Internet: The Erie Canal opens, connecting the Great Lakes with the Atlantic Ocean via the Hudson River. Governor DeWitt Clinton of New York, the driving force behind the project, led the opening ceremonies and rode the canal boat Seneca Chief from Buffalo to New York City. Built between 1817 and 1825, the original Erie Canal traversed 363 miles from Albany to Buffalo. It was the longest artificial waterway and the greatest public works project in North America. The canal put New York on the map as the Empire State—the leader in population, industry, and economic strength. Book: "Big Ditch" one of the most impressive projects, stretched 363 miles. It took eight years to dig and by 1825 had linked the Hudson river to Lake Erie - or, in effect the Atlantic Ocean to the Great Lakes. Twelve years after it had opened, canal tolls had completely paid for it's construction.

Economics in the South

Internet: There was great wealth in the South, but it was primarily tied up in the slave economy. In 1860, the economic value of slaves in the United States exceeded the invested value of all of the nation's railroads, factories, and banks combined. On the eve of the Civil War, cotton prices were at an all-time high. Book: Southerners had huge profits from cotton so they were encouraged to industrialize. The cotton gin or "cotton engine" of Whitney helped the South to develop. Short-staple (or short-fiber) was easier to grow but harder to clean than the long-staple cotton. Whitney's gin made it possible for Southern farmers to grow short-staple cotton for a profit. Since there was a high demand of it in Britain and North, this made a major breakthrough. However, the cotton gin accelerated the expansion of slavery because wealthier farmers bough up huge areas of land.

Industrial Revolution

Internet: This process began in Britain in the 18th century and from there spread to other parts of the world. Although used earlier by French writers, the term Industrial Revolution was first popularized by the English economic historian Arnold Toynbee (1852-83) to describe Britain's economic development from 1760 to 1840. Book: Because of the changes in manufacturing Whitney's interchanging parts brought, an industrial revolution was formed. Factories also became the new centers of industry. Industrial revolution is the social and economic reorganization that took place as machines replaced hand tools and large-scale factory production developed.

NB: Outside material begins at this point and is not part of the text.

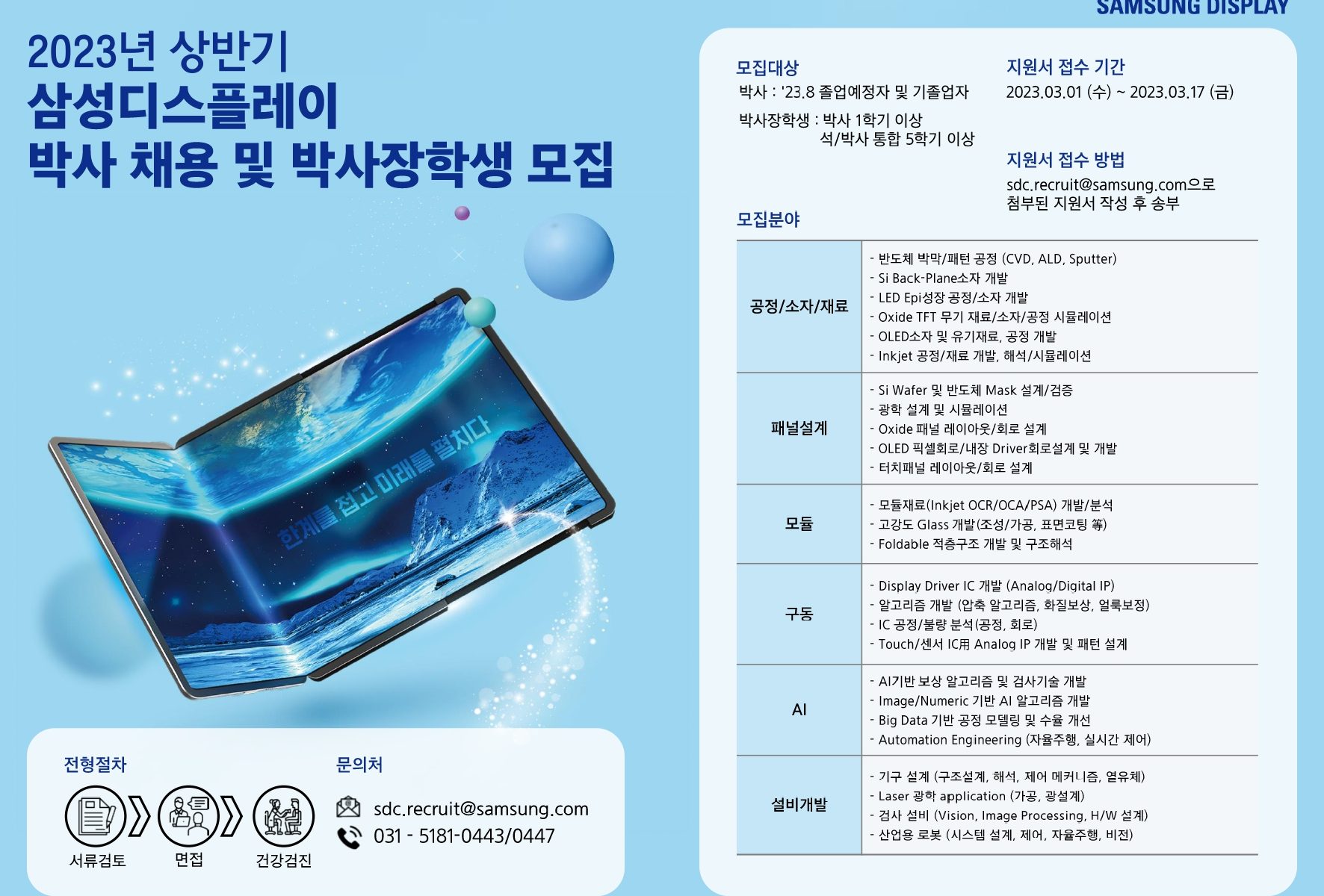 [삼성디스플레이] 23.上 박사채용 및 박사장학생 모집 (~3/17 금)

Cotton's effect on slavery

Internet: While it was true that the cotton gin reduced the labor of removing seeds, it did not reduce the need for slaves to grow and pick the cotton. In fact, the opposite occurred. Cotton growing became so profitable for the planters that it greatly increased their demand for both land and slave labor. Book: Increases in cotton production and increases in the number of slaves owned paralleled each other. From 1980 to 1810, cotton production surged from 3,000 bales a year to 178,000 bales. The number of slaves in the South leapt from 7000,000 to 1,200,000. By 1808, slave traders had brought 250,000 Africans to the United States - as many as had been bought to the mainland American colonies between 1619 and 1776.